# Bitcoin miners 11 Antminer S1's



## acpeacemaker (May 8, 2016)

Im kinda at a loss of what to do with these. 11 Antminer S1's dual blades. I know a couple members here are into bitcoin. I know how to mine, but these are not really worth the power consumption. I picked these up for free yesterday which was pretty cool. The guy said they were pulling about 2200 watts. Any thoughts? To scrap or not too? What do those asics have in them?  The aluminum sinks have some weight. Not saying these are scrap value, but.....

Thanks 
Andrew


----------



## platedscrap (May 8, 2016)

Part them out and sell on ebay people buy the boards to make mod miners .. like you said no profit to run them anymore


----------



## patnor1011 (May 9, 2016)

I recently scrapped my avalon 200GH miner. It was in garage gathering dust for about 2 years anyway. I switched it off long time ago.
It was fun when I was running it, I mostly went after altcoins and traded them.


----------



## acpeacemaker (May 9, 2016)

patnor1011 said:


> I recently scrapped my avalon 200GH miner. It was in garage gathering dust for about 2 years anyway. I switched it off long time ago.
> It was fun when I was running it, I mostly went after altcoins and traded them.

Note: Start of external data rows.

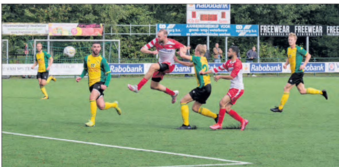
FC De Bilt aast op de gelijkmaker.

dit advies over. Kort daarna scoorde een aanval van Huizen na een mooie aanval de 0-2. De Biltse trainer bracht vers bloed in de ploeg en het leek er even op dat de aansluitingstreffer in de lucht hing, maar toen halverwege de tweede helft de 0-3 op het scorebord verscheen, hoefde De Bilt niet meer de illusie te hebben op een ander resultaat. Na 90 minuten kon Huizen de verdiende drie punten bijschrijven en met twee gewonnen wedstrijden stevig aan kop gaan. Volgende week speelt FC De Bilt uit tegen SVL in Langbroek en op 16 oktober begint om 14.00 uur de thuiswedstrijd tegen Almkerk.
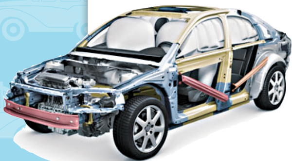
图 1-14 VOLVO S40 安全设计

两方面的问题：一个是汽车外部安全性，另一个就是汽车内部安全性。在外部安全性方面，应减少凸出物体，物体外形采用圆弧形，增大点接触面等方式，尽量在发生事故时减少对外部人员的伤害。在内部安全性方面，应减少对车内乘员的冲击力，事故发生后能提供足够的生存空间而专门设计的防范措施，例如高强度车厢结构、保险杠等汽车自我保护方式，以及安全带、安全气囊等辅助安全设备。
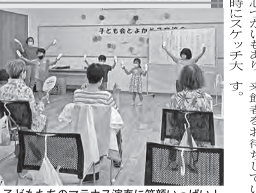
▲子どもたちのマカス演奏に笑顔いっぱい!

8月20日(土)、上町公民館で上町ふれあいサロンの形で行われた「お手玉的当てゲーム」、「ジェスチャーゲーム」では大人も子どもも大盛り上がり。次に子ども達から高齢者の方達へ「マカス演奏」と「ソーラン節」の踊りが披露され、その後玄洋小学校の校歌を全員で合唱。会の最後に参加者から子ども達へ感謝の言葉が伝えられました。高齢者も子ども達やその保護者の方からも笑顔溢れる会となりました。
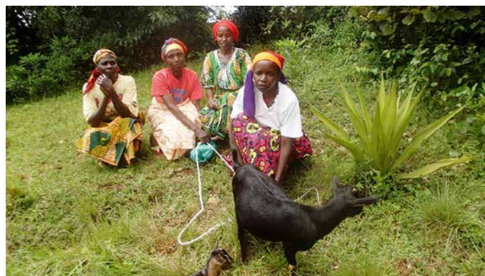
Projet chèvres avec des femmes veuves.
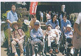
〈えんま市〉 えんま堂の前で記念撮影。
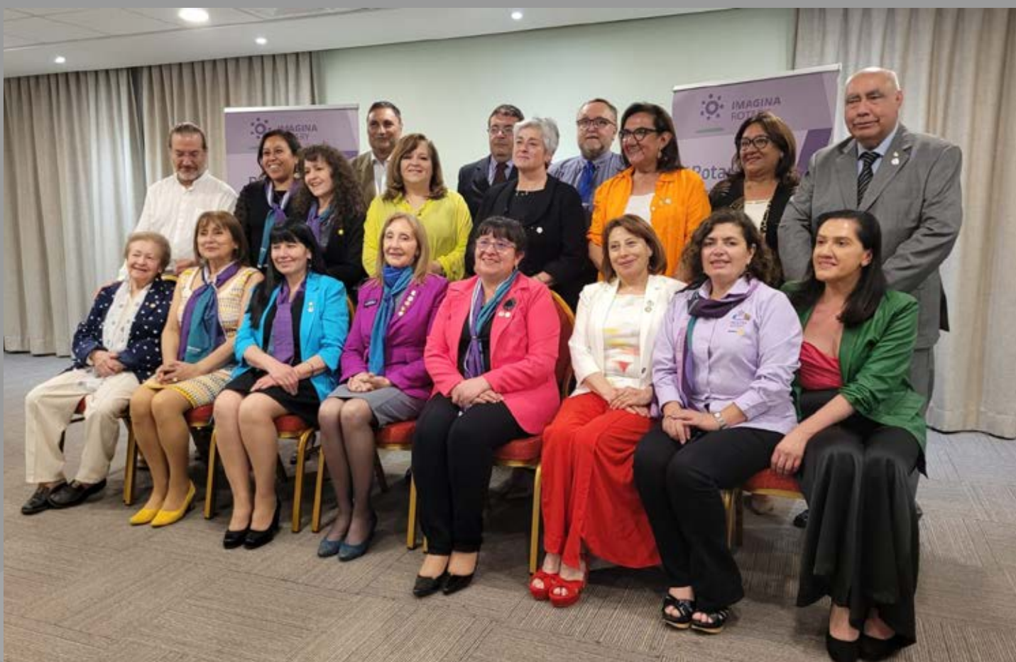
Reunión conjunta RC Castro y Castro Alihuen
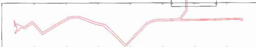
VÝKRES č. 1

BRATISLAVA 7-0/33 BRATISLAVA 7-0/34 BRATISLAVA 7-1/11 BRATISLAVA 7-1/12
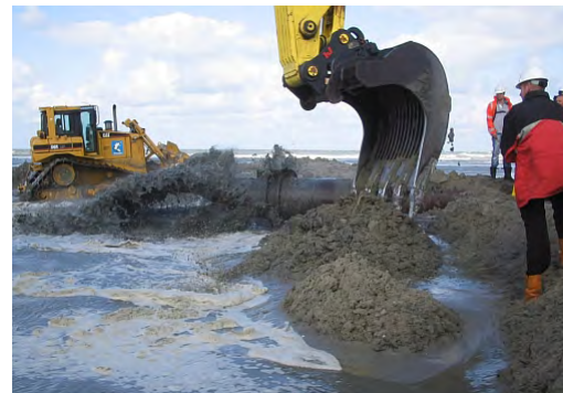
Start aanleg Maasvlakte 2
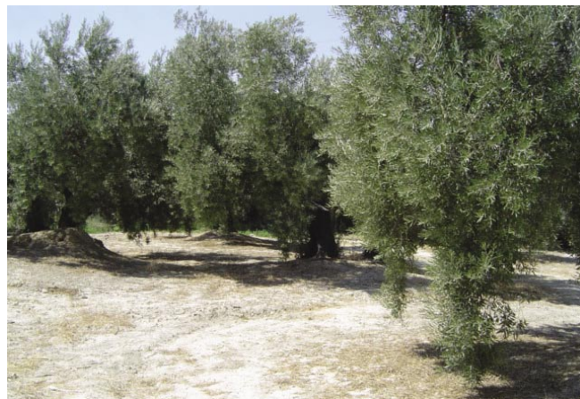
LAM. III. Vista Gral. Del Yac. Galipollo II.

Almacenamiento/Transporte. En superficie se observa escaso material constructivo romano ( tegulae y lateres ), aunque presentan un alto grado de fragmentación y deterioro.
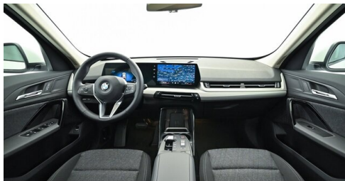
Bierbaum GmbH - Sooß - www.bmw-bierbaum.at
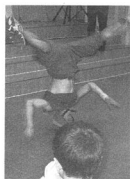
ЛР 2002 года. Младшая группа («С»)
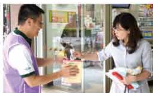
■站在便利商店門口邀請民眾捐出愛心
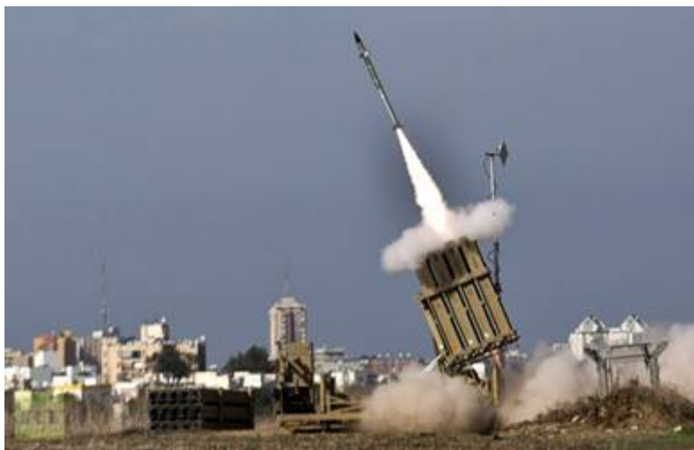
Israëls raketafweer systeem 'Iron Dome' (IJzeren koepel)

Tijdens een conferentie over veiligheid in Tel Aviv op 29 januari 2014, waarschuwde de Israëlische Maj.-Gen. Aviv Kochavi toen al dat Israël bedreigd wordt door 170.000 raketten en andere projectielen . 'We zijn aan alle kanten omringd door actieve vijanden en zien dat hun wapenarsenaal steeds groter wordt en dat daardoor het gevaar voor Israëls grote steden toeneemt' . Die aantallen zijn sindsdien alleen maar toegenomen. Volgens Uzi Rubin, de voormalige leider van het Chetz-raketafweerprogramma, wordt Israël tegenwoordig door ongeveer 1000 lange afstands raketten met elk 500 kilo explosieven bedreigd.
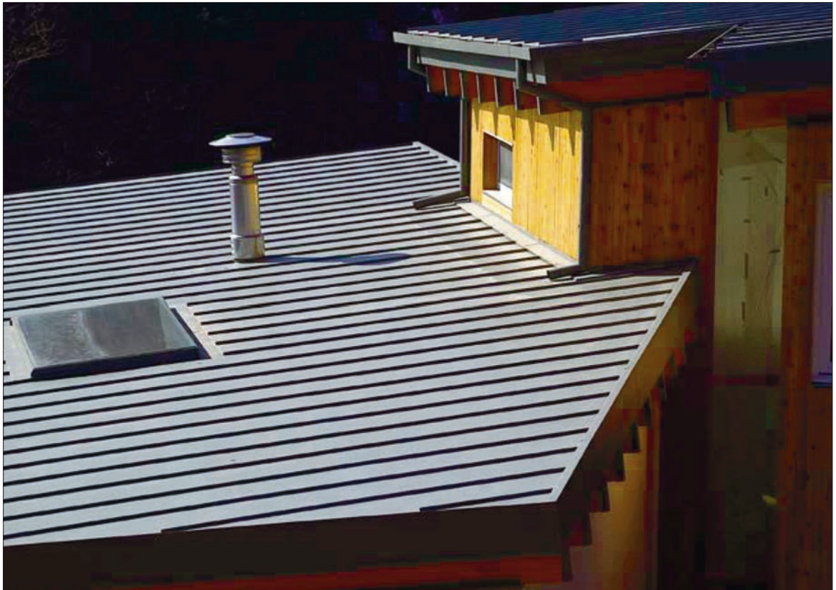
Sellele katusele annab teraspleki ilme samuti uudne tehnoloogia.

Eestisse (aga ka Baltikumi ja Skandinaaviasse) toonud ja toomas innovaatilised Lõuna-Korea ettevõtted. Printechi materjalidest katusekatteid profileerivad Eesti ettevõtted. Seega on Eestis võimalik tellida selle uudse tehnoloogia abil valmistatud kõiki meil tuntud teraskatuste profiile. Selleks võib olla nii kiviprofiil kui ka kõige erinevamad lainelised ja trapetsprofiilid. Samuti võib Printech-tehnoloogia abil viimistletud katteid kasutada sileplekina või painutatuna näiteks interjööris.

Pat, did you put process those chips?


----------



## patnor1011 (May 10, 2016)

Not yet, there were 8 small red boards small bit bigger than box of cigarettes with about 30 IC on each. They are similar to BGA, cant cut them off board I may have use heat gun on them.


----------



## Qetuo135 (Oct 27, 2021)

I was saving up money to invest in something in a crypto exchange. After hearing from my friends about different exchanges, I was advised about an exchange They have their own application for smartphones. I decided to use it right away and was very satisfied. I buy from them in the future. They also have very responsive support which will help me with any questions.

Edited to remove link


----------



## acpeacemaker (Oct 27, 2021)

Qetuo135 said:


> I was saving up money to invest in something in a crypto exchange. After hearing from my friends about different exchanges, I was advised about an exchange They have their own application for smartphones. I decided to use it right away and was very satisfied. I buy from them in the future. They also have very responsive support which will help me with any questions.




This new traffic is hilarious!

Edited to remove link.


----------



## FrugalRefiner (Oct 27, 2021)

Actually, the new system has more robust controls against spam than the old software, but some are likely to still slip through. We don't camp out 24 hours a day, so sometimes it takes us a few minutes to edit or delete things.

Dave


----------



## acpeacemaker (Oct 27, 2021)

FrugalRefiner said:


> Actually, the new system has more robust controls against spam than the old software, but some are likely to still slip through. We don't camp out 24 hours a day, so sometimes it takes us a few minutes to edit or delete things.
> 
> Dave


I know Dave I wasn't knocking you guys. Just the randomness of bringing up this old thread to say in a third person...Check this site out....they have great support...like...tell me you're an affiliate without telling me you're an affiliate 

Andrew


----------